Paul: This doesn't have an owner. Sensitive information is
Sarah A and Rachel: The thing that we're building is that everyone who puts things
on the cloud should be confident and understand what they're building and who has access to it
Alan: There are two different cases, what the developer standing up a cloud service is allowed to do
and what the users of those cloud services can do
Denis: Should we be worried about irresponsible developers
Micah: Do we need to think about multi-tenancies and isolation?
Shantau: We must have thought of what the needs of fin tech, etc, and built tools
for what compliance, and then the tools thats
Micah: And building tools that guide the developer, for example, to get a certificate, be HIPPA compliant
Chris: Having a WYSIWYG editor for API, and then applying UMA2 on top of that
Alan: So you're envisioning a standard
Sarah: We're thinking of OPA, so there's a common way of expressing policy. We
created a policy language, and someone said "a policy language won't make you secure?"
Alan: You can't be security without expressing policy.
Sarah A: What else do we need?
Mark: You need a risk assessment. SOX, HIPPA, and PCI all now include a risk assessment.
Davide: You could build components.

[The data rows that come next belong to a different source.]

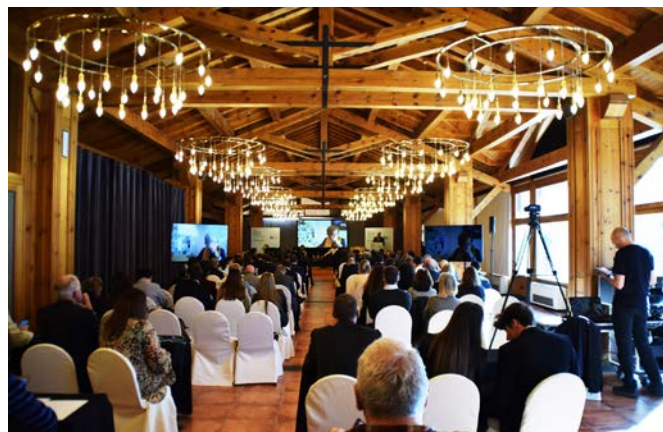
La trobada anual de l'Empresa Familiar Andorrana va registrar una important participació d'empreses andorranes i de representants polítics i institucionals.
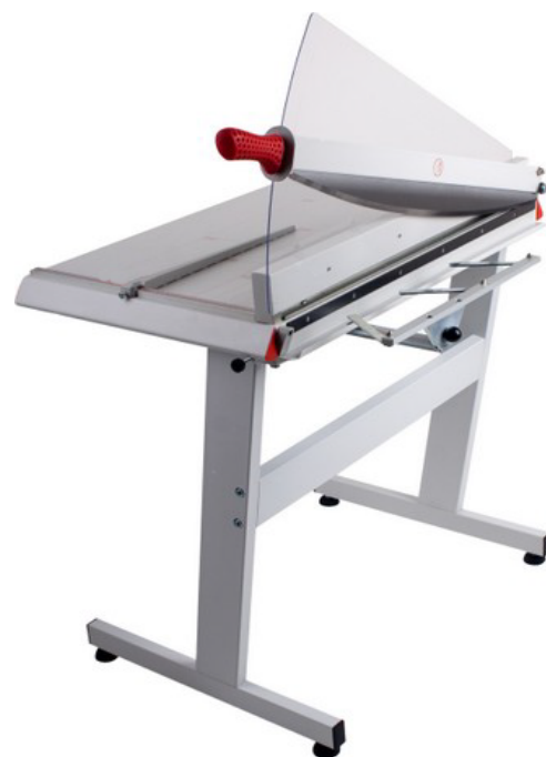
Dimensiones 710 (An x Pr x Al) 1000 x 615 x 605 mm Peso 25.1 Kg

Cizalla de palanca con pisón automático para un corte preciso y cómodo. Amplia mesa de sólida construcción totalmente metálica. Cuchillas reafilables de alta calidad hechas de acero reforzado. Protección fija de la cuchilla de color transparente con indicador de línea de corte integrado para un alineamiento exacto del papel a cortar. Tope lateral de precisión y escuadra trasera ajustable. Ancho de corte 10 mm. Capacidad de corte hasta 28 / 25 hojas. Grosor de corte 3 / 5 mm. Escala de medidas en mm / pulgadas.
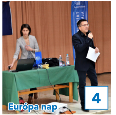
Európa nap 4
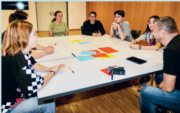
Auf dem Firmweg lernen junge Menschen Kirche als Gemeinschaft schätzen.
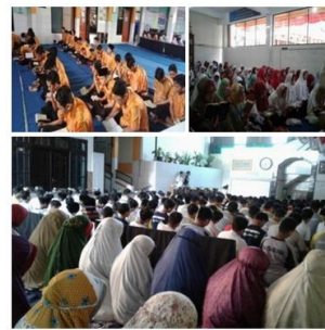
Gamabr 2 Kegiatan keagamaan

Gambar di atas merupakan hasil pengamatan dan dokumentasi yang dilakukan oleh peneliti, menegaskan bahwa full day school yang diterapkan di MTS Surya Buana Dinoyo Kota Malang bagus karena memiliki berbagai program unggulan, di bidang akademik yang sudah menorehkan berbagai prestasi baik di tingkat kota maupun internasional seperti yang diraih oleh
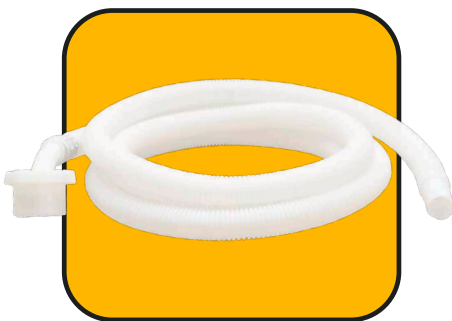
Manguera de desagüe 2 m de 1/2" con conector 3/4"
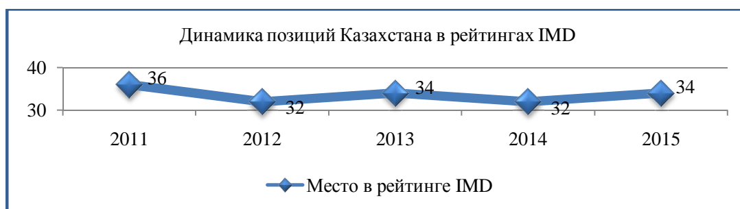
Рисунок 2. Динамика позиций Казахстана в рейтингах IMD за 2011-2015 гг.

Примечание: составлено автором на основе данных Доклада о мировой конкурентоспособности Международного института развития менеджмента (IMD) за 2011-2015 гг. [3-6].
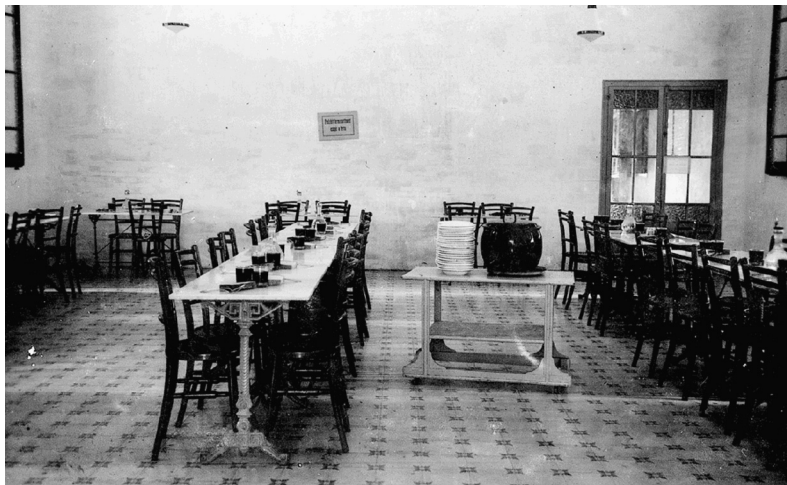
Menjador de la Societat de Beneficència Igualadina.

com a Casa de Jaume de Déu, possiblement d'iniciativa particular. Més tard, tenim coneixement d'altres cases de caritat situades als carrers de Sant Lluís i de l'Aurora.
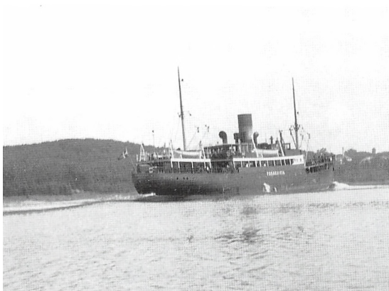
"Fredericia" på fjorden.

dengang "Statsradiofonien", optog en udsendelse fra sanatoriet. Det lille kor, jeg var med i, skulle igen synge, og jeg skulle synge solo, i radioen. Så'dan! Begivenheden er nok ikke blevet bevaret (forstå det, hvem der kan), da det blev optaget på det moderne stålband, som man kunne slette og bruge igen. Det var et rigtigt stålband, som man bandt sammen med en knude, hvis det skulle gå hen og springe.
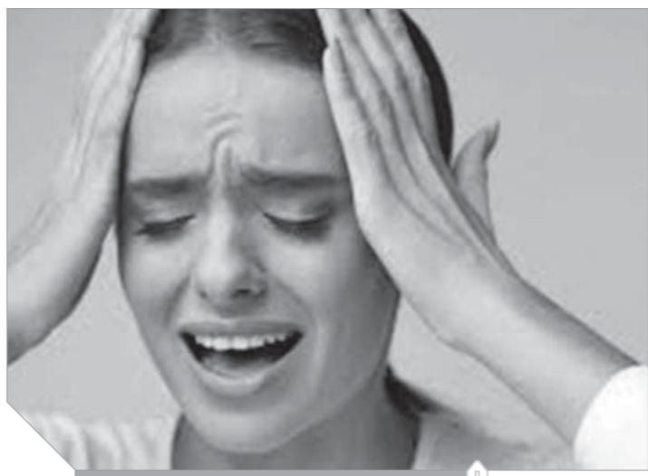
مادة بالدماع تنبئ برغبة الانتحار

هل يمكن التنبؤ العلمي برغبة أي شخص في الانتحار مستقبلاً؟، الإجابة الدينية لا لأن ذلك سيكون في علم الغيب بالطبع، ولكن علماء جامعة «ييل» الأمريكية تمكنوا من خلال التوصل إلى مادة كيميائية في دماغ الإنسان، هذه المادة بمثابة المرشد إلى أن هذا الشخص سيفكر في الانتحار لاحقاً، أو قد يقرر بالفعل الانتحار، هذه المادة الكيميائية ترتفع معدلاتها عندما يفكر الشخص في وضع حد لحياته، ويمكن رصد مؤشرات مستقبلاً. ومعلوم أن محاولات سابقة كثيرة من الباحثين في الطب النفسي وعلم النفس، تمت من أجل العثور على مؤشرات للأفكار الانتحارية، من أجل معرفة الأشخاص المعرضين للخطر في وقت مبكر، وتطوير عقاقير تستهدف أنشطة الدماغ، وتهدئ من انفعالات هذا الشخص الغاضبة، وتجعله أكثر احتمالاً للحياة وضغوطها. وأخيراً نجحت هذه المحاولات، وتمكن العلماء في جامعة «ييل» من التوصل إلى هذه المادة ورصد معدلات أنشطتها في الأدمغة، وأثبتت النتائج أن هذه المادة في خلايا المخ، ومرتبطة بالقلق واضطرابات المزاج والاكتئاب، وتتواجد في خمس مناطق في أدمغة الذين يعانون من اضطرابات ما بعد الصدمة أو الاكتئاب،
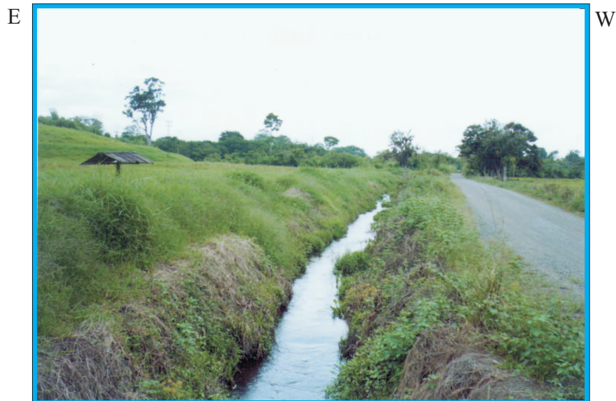
Figura 6: Drenajes en el sector de Planes del Tigre, Hacienda San Felipe. Se encuentran intervenidos por el hombre, que los profundiza y adecua para posibilitar el drenaje.
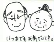
いっまでも元気です。
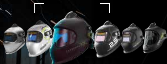
Casque à air frais

Les kits prêts à souder optrel contiennent :
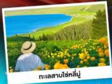
ทะเลสาบไซหลินปู

Edugain lets you say they're compliant with a CoC, and that requires an audit.
Micah: That's something cloud providers could do, so it's not up to individual
developers to know what they need to have when it's time to go through a security audit.
Sarah A: One company has 10ks of apps
Alan: All we need to be able to prove is that we enforce any policy that is expressed in the policy
And then we're decoupled from all the services offered on Google Cloud
Paul: I'd like a way of knowing what fields are considered personal, sensitive information that should never go out
Alan: That could be something you use as the developer.
Denis: GDPR requires expressing HOW you enforce policy
Alan: You can look at what each Cloud provider says
Chris: You could write a testing tool. Are there encrypted at rest requirements in GDPR?
Everyone: Yes.
Alan: If I say this is personal information, and this is the policy around it,
then the auditors only have to audit the policy, and how Google enforces the policy
Micah: GDPR is a a good case, where the app developers will be able to do all the best practices by default
Paul: <
Alan: I think the hard part is to make the policy language that all the cloud providers agree on.
Sarah A: Are people bought in to the idea of a policy language?
Seidev: I've used Amazon policy, and it was a good concept. It could be extended to many providers.
Alan: And we have the flexibility that policy could be expressed in many ways
Sarah A: Some things are not documented and are hard to discover, when is it
effective? And that's not part of the policy language. So what else
Micah: Is it centered around access?
Sarah A: Borrows from Xacmul, which has the concept of deligation.
Micah: Janrain is building policy language in Xacmul. Customers hate it, so they go back to XML.
Alan: It was so expressive, and we built a few checkboxes that generated the XML that no one would ever see.
Sarah: Can we express the policy across multiple providers, and in cases where it's more complicated.
Alan: I looked into limiting what parts of the database by making queries for things you're not allowed to make
Denis: You can do an interference attack
Alan: Instead we gave them a view of the database that only had what they needed. (We found out later?)
Sarah S: Why are you trying to do this? Making a infographic of the database?
Sarah A: Say I have a front end, back end, lots of services in different infrastructure. How do we reason about it and
understand the high level review. There's the problem of knowing what is correct, and there's the problem of implementing
what you've decided.
Denis: You'll want in some case to want to start checking the token, and additionally the region
Alan: As long as you allow delegation.